I am pretty clear that for me, the immediate hardest hurdles are daily storage, phone contact, the need for privacy and a space I am allowed to be in, and bathroom access. If you want to help the homeless, these may be good places to start. Help set up free storage units for the homeless in your town, such as Angeline’s Place (http://www.ywcaworks.org/page/151/) in Seattle. Help set up a free voice mail system that homeless folks can use and retrieve messages through, such as Community Voice Mail (http://www.fremontpublic.org/client/other.html#cvm) in Seattle.
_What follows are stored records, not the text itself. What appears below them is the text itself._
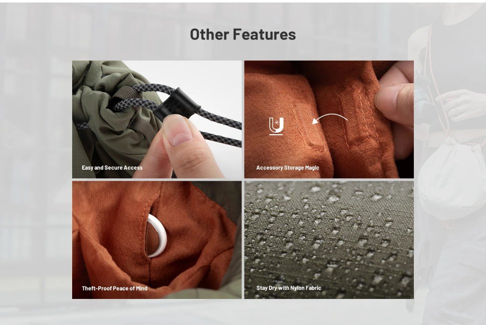 Съемка налегкеСумка-мешок Drawstring серии OneGo – идеальный выбор для активных людей, любящих запечатлевать моменты жизни с помощью камеры. Изготовленная из легкой и надежной нейлоновой ткани, она сочетает в себе элегантность и универсальность |
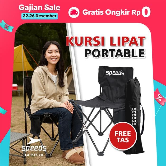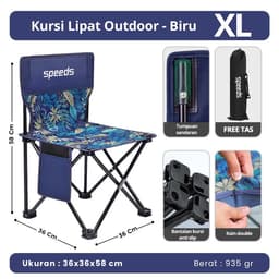 Speeds Kursi Lipat Outdoor Kursi Lipat Camping Portable Kuat Serbaguna Bahan Oxford Polyester Furnitur Berkemah Camping Furniture Indonesia 031-14 Hitam - 13 HITAM XL
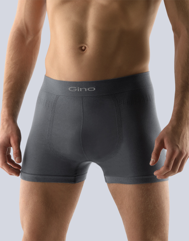 Boxerky s dlhšou nohavičkou, pánske bezšvové prádlo. Pásový kraj je zosilnený a zapravený bezšvovým spôsobom. Nohavičky sú zapravené bezšvovým spôsobom. V rozkroku je všitý klin. Na prednom diele sú boxerky tvarované vypletenými zónami. Boxerky sú jednofarebné. V záložke je vypletené logo v šedej farbe.
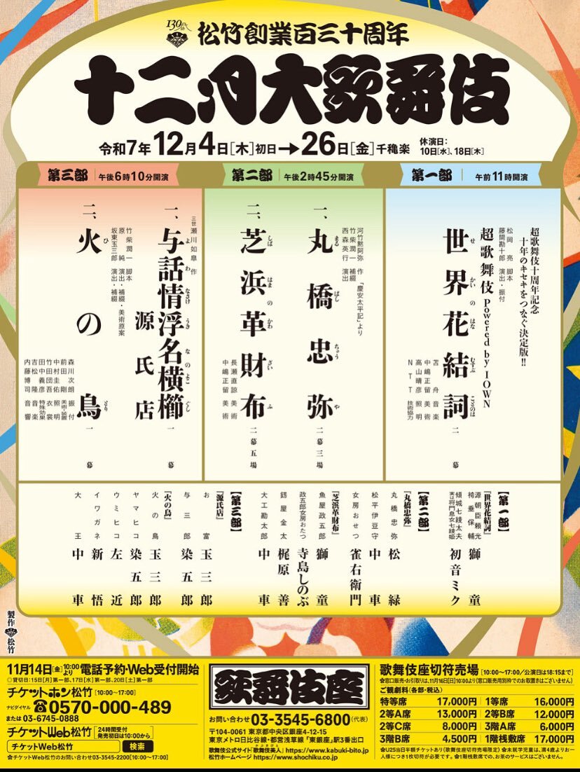 母が玉三郎ファンなので、さっき発売になった12月歌舞伎のチケットを取ってあげた 驚いたのが一部に初音ミク出演ってあるんだが、何?初音ミクって実在のもの(私疎くて)? 2部には寺島しのぶが出演、彼女は歌舞伎の家に生まれたからなんだろうけど、歌舞伎座も例外的に女性が出る時代なんだな。 pic.x.com/DfMSXDVNPa
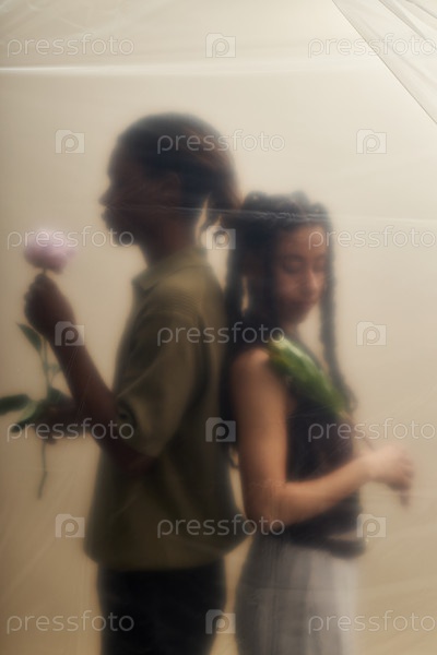 Молодой чернокожий мужчина и молодая азиатская женщина держат цветы, стоя спиной к спине

Help create safe PRIVATE spaces for the homeless, even if just during the day. Help fund and institute public bathrooms and public access showers in your town. (In Santa Cruz, Ca., when I was homeless, it was easier as all the beaches had free bathrooms and even showers, and some had cooking/fire pits, and we were allowed on be on the beach during the day without stigma. Also, on the beach, as a homeless person, I could either create my own space to hang, or I could hang out with a large group, but since people bring blankets to sit on at the beach, it was a little harder to tell who was actually homeless and who was just having a day at the beach.) Please think about the things I have shared with you, and take some action in these areas today.